The author of this request volunteers to do the work once the standard has been decided.
== Decision record ==
In progress
https://wikitech.wikimedia.org/wiki/Wikimedia_Cloud_Services_team/EnhancementProposals/Decision_record_T302593_How_do_we_make_decisions
== Options ==
=== Option 1 ===
Use heml https://helm.sh/
The proposed standard files are as follow:
```
topdir/
topdir/helmchart/
topdir/helmchart/values.yaml <--- base file
topdir/helmchart/values-toolsbeta.yaml <--- toolsbeta-specific overrides
topdir/helmchart/values-tools.yaml <--- toolforge-specific overrides
topdir/helmchart/values-paws.yaml <--- paws-specific overrides
topdir/helmchart/values-devel.yaml <--- additional, arbitrary overrides are allowed
```
(yes, some components deploy into the 3 environments, `maintain-kubeusers` is a good example)
Example of patch introducing this layout to one of our custom components:
https://gerrit.wikimedia.org/r/c/cloud/toolforge/jobs-framework-emailer/+/747107
Example of manual operations using helm:
```lang=shell-session
user@machine:~$ helm install --debug --dry-run app-name ./helmchart -f helmchart/values-toolsbeta.yaml
[..]
user@machine:~$ helm install --debug --dry-run app-name ./helmchart -f helmchart/values-tools.yaml
[..]
user@machine:~$ helm install app-name ./helmchart -f helmchart/values-toolsbeta.yaml
[..]
```
(but again, the deployment mechanism is not covered in this request)
Pros:
* Industry standard to deploy stuff in k8s.
* Standard within other SRE teams @ WMF.
* Has a concrete specification on how to layout a given directory.
Cons:
* Is a package manager, mostly aimed at "apps". Many of our components are not "apps", but simple pieces of codes that do something.
* not integrated by default in kubernetes (kubectl etc)
* a bit "more" noisy code than with kustomize.
* the concrete specification on how to layout a given directory could be handicap in some cases.
* some unknowns for x509 certificate generation & management.
=== Option 2 ===
Use kustomize https://kubernetes.io/docs/tasks/manage-kubernetes-objects/kustomization/
The propose directory tree layout is as follows:
```
topdir/
topdir/deployment/
topdir/deployment/base/ <--- the base yaml
topdir/deployment/tools/ <-- the toolforge-specific overrides
topdir/deployment/toolsbeta/ <-- the toolsbeta-specific overrides
topdir/deployment/paws/ <-- the paws-specific overrides
topdir/deployment/devel-whatever/ <-- additional overrides are allowed
```
Example of patch introducing this layout to one of our custom components:
https://gerrit.wikimedia.org/r/c/cloud/toolforge/jobs-framework-emailer/+/769694
Example of manual operations using kustomize:
```lang=shell-session
user@machine:~$ kubectl get -k deployment/toolsbeta
[..]
user@machine:~$ kubectl apply -k deployment/toolsbeta
[..]
user@machine:~$ kubectl diff -k deployment/toolsbeta
[..]
```
(but again, the deployment mechanism is not covered in this request)
Pros:
* Industry standard to deploy stuff in k8s.

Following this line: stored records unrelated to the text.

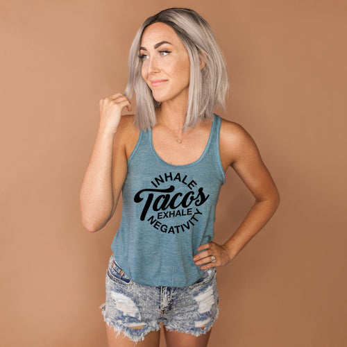 Inhale Tacos Exhale Negativity Tank Top, Cinco De Mayo Tank, Vacation, Womens Racerback Tank Top
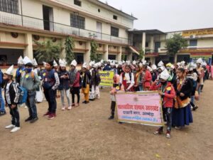 आज सुबह बच्चों ने राणा प्रताप इंटर कालेज से खटीमा फाइबर्स तक पर्यावरण जागरूकता रैली निकाली। बच्चों ने अखबार से बनाए मुकुट पर पर्यावरण जागरूकता के नारों के माध्यम से लोगों को अपनी ओर आकर्षित करने का प्रयास किया। बच्चों ने खटीमा फाइबर्स कारखाने में कागज बनने की प्रकिया को जाना।
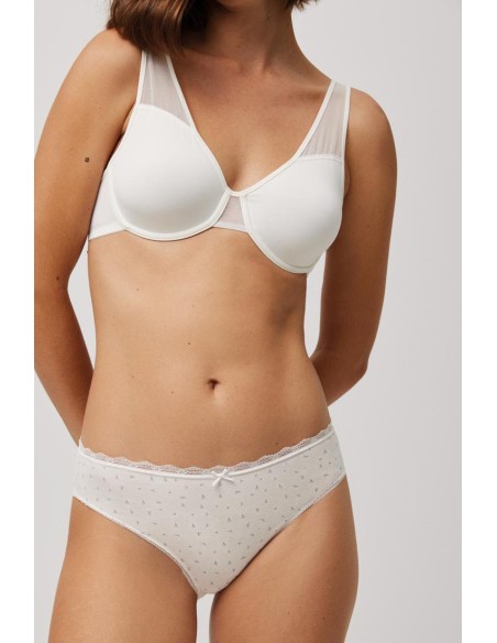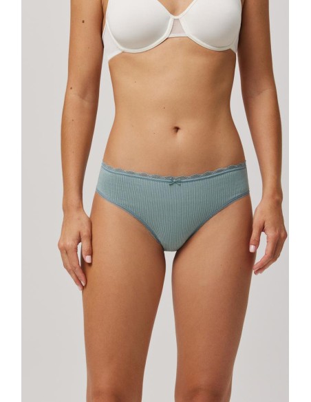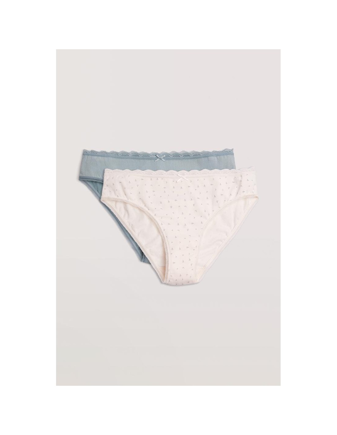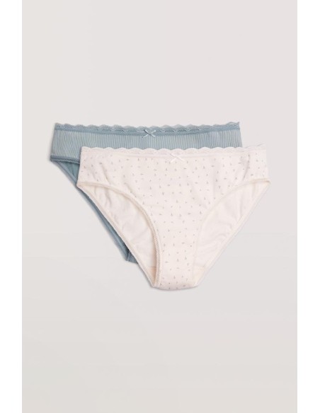 Pack de 2 braguitas midi básicas estampadas de algodón con detalles de encaje en la zona de la cinturilla y piernas. Presenta rizo en el interior para mayor comodidad.
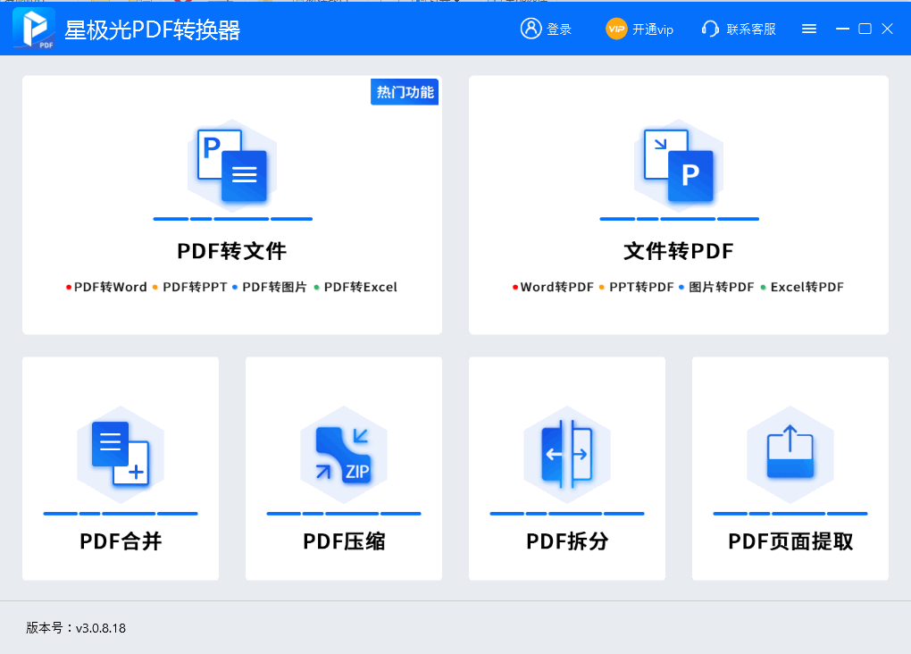 星极光PDF转换器是一款功能全面的PDF转换软件,它可以帮助用户将PDF转换成其它文档,也可以将其它文档转换成PDF,同时还支持PDF合并,压缩,提取以及拆分等;这款工具采用简洁直观的界面界面,所有功能布局一目了然,操作步骤也非常简洁,大部分功能都可以实现一键处理,节省用户时间;星极光PDF转换器可以为用户提供免费试用,试用会有处理页数的限制,如果想要一次性处理全部文档则可以开通VIP使用;这款工具具备很高的性价比,支付一份费用,享受六大功能,这比其它一些将功能拆分出来单独收费的软件要好很多。
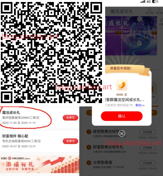 工行app搜:工行消费季,一次机会抽i豆。工行APP ,“任务中心”,享活动-如图魔法成长礼(下图旧图活动为今天新一期路径一致),部分没有活动。可以换立减金,我的-工银i豆可以兑东西,或者攒着以后再换微xin识别,1100豆就可以换1立减金:mp://kVwTqfYuaJ4Ekap
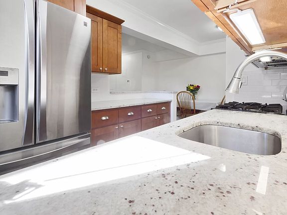 The airy open concept grounded on hardwood floors makes for easy entertaining, and the flexible space of the dining alcove has enough room to accommodate an office area, if so desired. The efficient windowed kitchen features granite countertops, cherrywood cabinets and higher end, recently installed stainless steel appliances. The renovated bathroom is spotless, with elegant details. There is ample storage in the four closets. The bedrooms are serene.
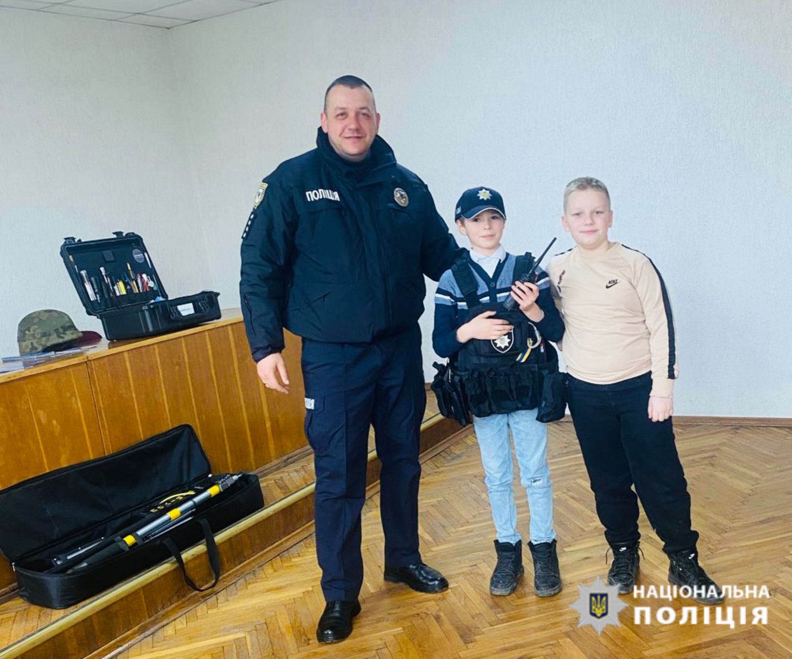 Діти мали можливість приміряти бронежилети та шоломи, ознайомитись з роботою нагрудної камери.
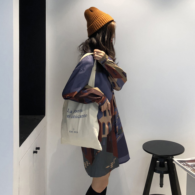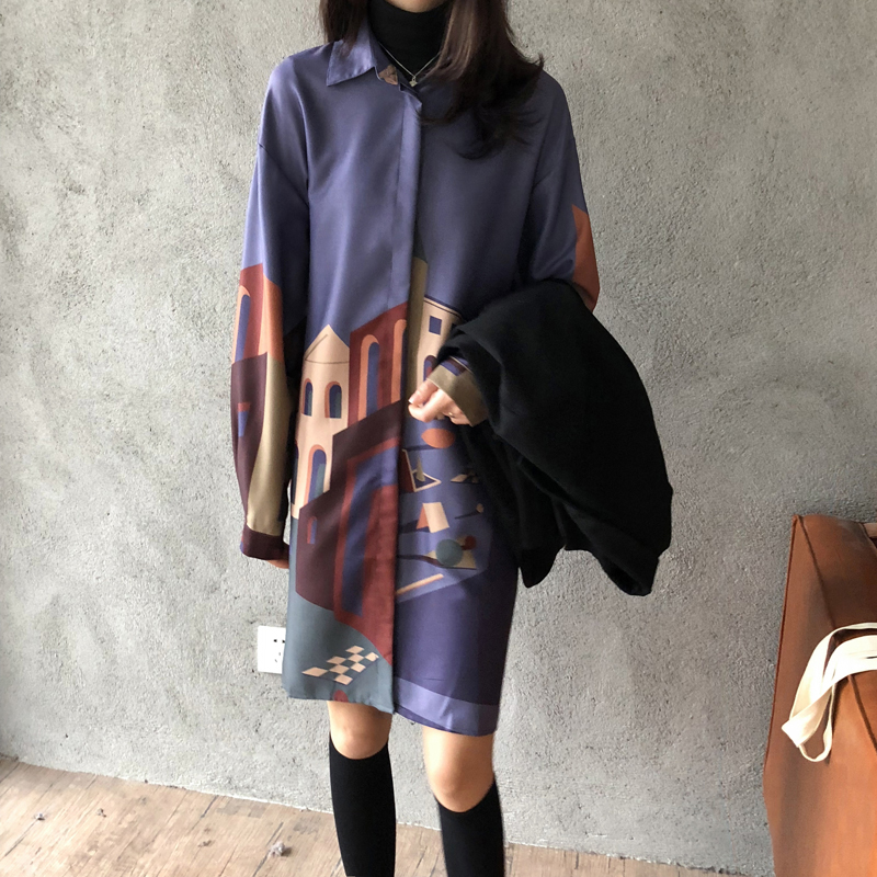 / ins中長款建筑印花襯衫裙女秋冬裝2018新款復古寬松打底連衣裙子

* Integrated by default in kubernetes (via kubectl).
* simple and to the point.
Cons:
* kustomize is not a full fledged standardized ecosystem (e.g. a repository format itself) and would rely on us introducing a explicit layout.

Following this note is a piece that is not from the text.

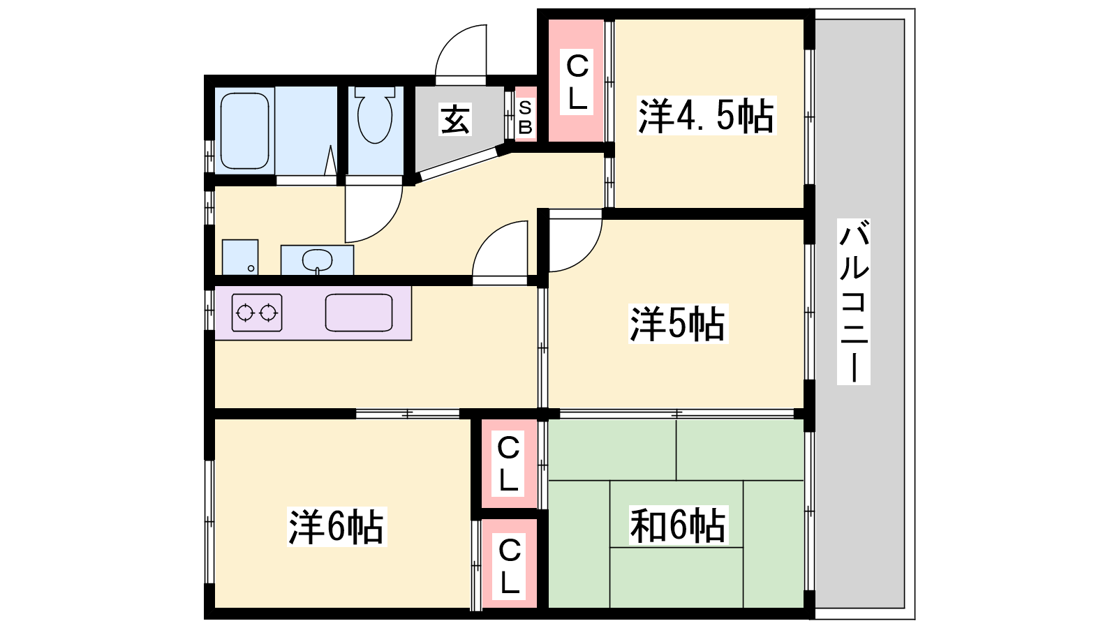 - DK4帖、洋室6帖、洋室4.5帖、和室6帖、洋室5帖
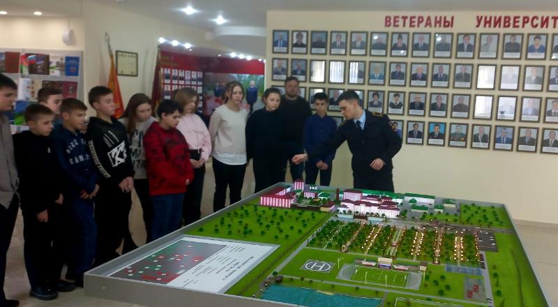 Экскурсию ребятам провели курсанты учебного заведения, которые рассказали об истории создания и развития университета, его знаменательных датах, событиях и великих людях. В залах, посвященных истории Великой Отечественной Войны и памяти ветеранов, ребятам напомнили о ключевых битвах и мужестве героев, благодаря которым победа стала возможной.

* apparently less sugar & magic than helm (but do we need that?)
* some unknowns for x509 certificate generation & management.
=== Option 3 ===
Use whatever, but have a common entry point `./deploy.sh`.

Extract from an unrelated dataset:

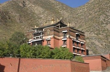 拉卜楞寺位于夏河县城西0.5公里处。本名噶丹夏珠卜达吉益苏奇贝琅,简称扎西奇寺,是藏传佛教格鲁派(黄教)六大寺院之一。寺院坐北向南,占地总面积86.6万平方米,建筑面积40余万平方米,主要殿宇90多座,包括六大学院、16处佛殿、18处昂欠(大活佛宫邸)、僧舍及讲经坛、法苑、印经院、佛塔等。拉卜楞寺宗教体制的组成以闻思、医药、时轮、吉金刚、上续部及下续部六大学院为主,在全蒙藏地区的寺院中建制最为健全。闻思学院是其中心,又称大经堂,有前殿楼、前庭院、正殿和后殿共数百间房屋,占地十余亩,为藏式和古宫殿式的混合结构,顶上有鎏金铜瓦、铜山羊和法轮、幡幢、宝瓶等装饰物。
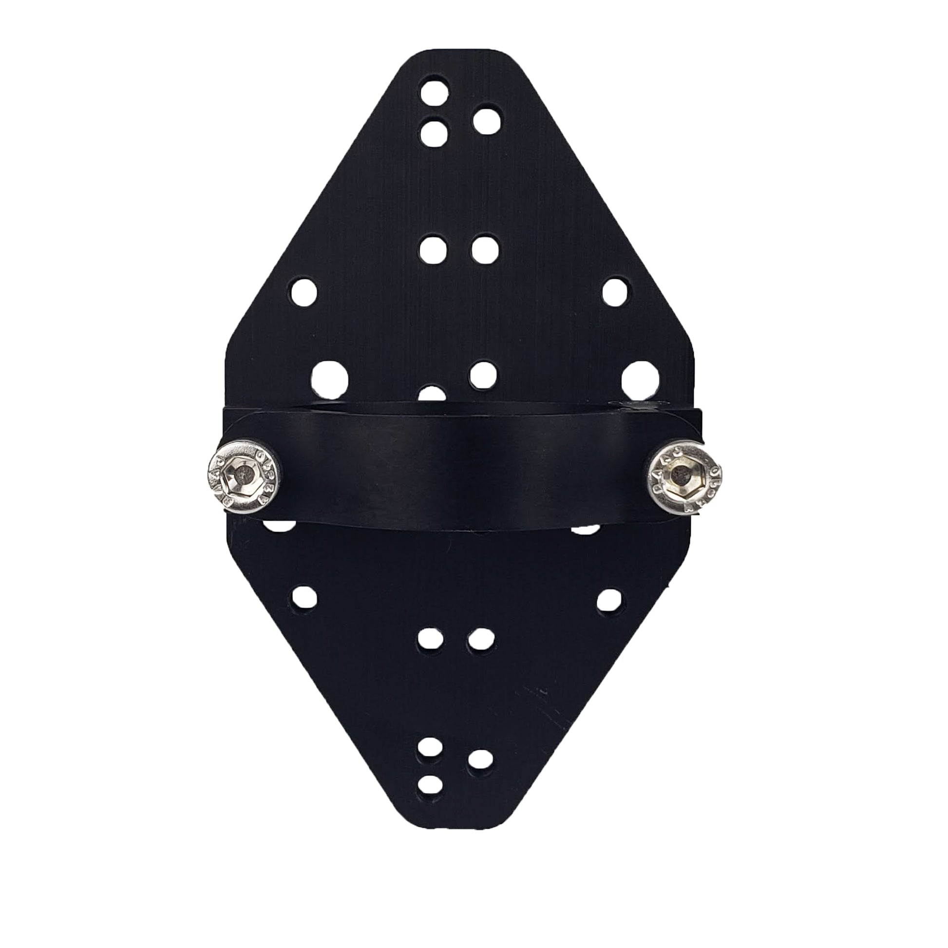 • Mounts are machined from 6061-T6 aluminum and black anodized. Frame clamps are 5/8 inch (16mm) wide. The frame clamping bolts are m6 stainless steel, so they are able to support batteries up to about 15 lbs (6.8Kg). Battery mounting holes are m5x0.8, threaded through 0.25 inches (6.35mm) mounting plate.

This options assumes that each component has its particularities, and that we want to retain flexibility above all.
To achieve this, each k8s component will have an executable `./deploy.sh` file at the top level directory which will do all the magic. The magic can be helm, kustomize, or whatever, we don't care as long as it works. This executable script receives no input arguments (or should work out of the box with no input arguments).
Pros:
* Simple, efficient, flexible.
* Perhaps the most sensible way to handle x509 certificate generation (since we can have arbitrary logic here).
Cons:
* Less elegant maybe?
* Perhaps assuming we need the additional flexibility is overly defensive and this will bite us in the future.